The Papyrus Vindobonensis Graecus 39777 signed as Sym^{P.Vindob.G.39777} is a fragment of a Greek manuscript of the Psalms of the translation of Symmachus. It was written on papyrus in a scroll form. The papyrus contains fragments of Psalm 69 and Psalm 81 (as the numeration of the Septuagint is Psalms 68 and 80). The P.Vindob.G.39777 is dated to late third century or beginning fourth century AD. This manuscript probably comes from Faiyum in Egypt.

== History ==

It was published by Dr. Karl Wessely in his work Studien zur Palaeographie und Papyruskunde, Vol.
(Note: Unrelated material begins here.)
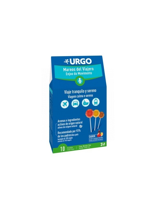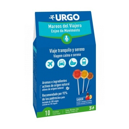 SU FORMATO EN PIRULETA ES DIVERTIDO Y PERMITE TANTO A LOS MÁS PEQUEÑOS COMO MAYORES, LLEVÁRSELO A TODAS PARTES.SU FÓRMULA EXCLUSIVA COMBINA DOS EXTRACTOS PLANTAS DE RECONOCIDA ACCIÓN:– EL JENGIBRE, QUE CONTRIBUYE AL BIENESTAR DURANTE LOS VIAJES– DIENTE DE LEÓN, QUE FAVORECE LA BUENA DIGESTIÓNNO PROVOCA SOMNOLENCIA*UN ESTUDIO REALIZADO SOBRE 58 NIÑOS QUE SUFREN MAREOS POR VIAJES DE FORMA HABITUAL, HA DEMOSTRADO QUE :EL 93% DE LOS ADULTOS RECOMIENDA URGO MAREOS DEL VIAJEROEL 88% DE LOS PADRES CONSIDERA QUE EL BIENESTAR DIGESTIVO DE SU HIJO HA MEJORADO.8 DE CADA 10 NIÑOS ESTÁN SATISFECHOS DESDE EL PRIMER VIAJE.MODO DE EMPLEO:SE DEBE TOMAR ENTRE 30 MINUTOS Y 1 HORA ANTES DEL INICIO DEL VIAJE.PARA UN TRAYECTO LARGO, SE PUEDE TOMAR HASTA 3 VECES LA DÍA.URGO MAREOS DEL VIAJERO SE PUEDE TOMAR A PARTIR DE LOS 3 AÑOS, BAJO LA SUPERVISIÓN UN ADULTO.PRECAUCIONES DE EMPLEO:MANTENER FUERA DEL ALCANCE DE LOS NIÑOS.NO DEBE UTILIZARSE COMO SUSTITUTO DE UNA DIETA VARIADA Y EQUILIBRADA Y UN ESTILO DE VIDA SALUDABLE.DEBE UTILIZARSE BAJO LA SUPERVISIÓN UN ADULTO.NO RECOMENDADO PARA LAS PERSONAS ALÉRGICAS A LAS PLANTAS DE LA FAMILIA DE LOS ZINGIBERÁCEAS O A SUS COMPUESTOS.CONSERVAR EN UN LUGAR SECO Y A UNA TEMPERATURA INFERIOR A 25°C.NO TOMAR MÁS DE 3 PIRULETAS AL DÍACOMPOSICIÓNJENGIBRE Y DIENTE DE LEÓNFORMATO10 PIRULETASSABOR FRESA, NARANJA Y COLASIN LACTOSA

XI., Leipzig, 1911, p. 171.

== Description ==

The manuscript probably originally contained large portions of the Book of Psalms. The traduction of Symmachus was a part of the Hexapla and Tetrapli, the work contains the translations of the Hebrew to Greek Bible, it was written by Origen. According to Bruce M. Metzger, the Greek translation of Hebrew Bible prepared by Symmachus was realised with a different method that the translation of Aquila, because his intention was not a literal translation, rather an elegant message from the Hebrew to Greek text.

=== Tegragrammaton ===

The papyrus contains the tetragrammaton written in archaic Hebrew characters in Ps 69:13, 30 and 31.

== Location ==

The Papyrus Vindobonensis Graecus 39777 is kept at the Papyrus Collection of the Austrian National Library at Vienna ('Vindobonensis' is Latin for 'from Vienna') as (P. Vindob. G. 39777).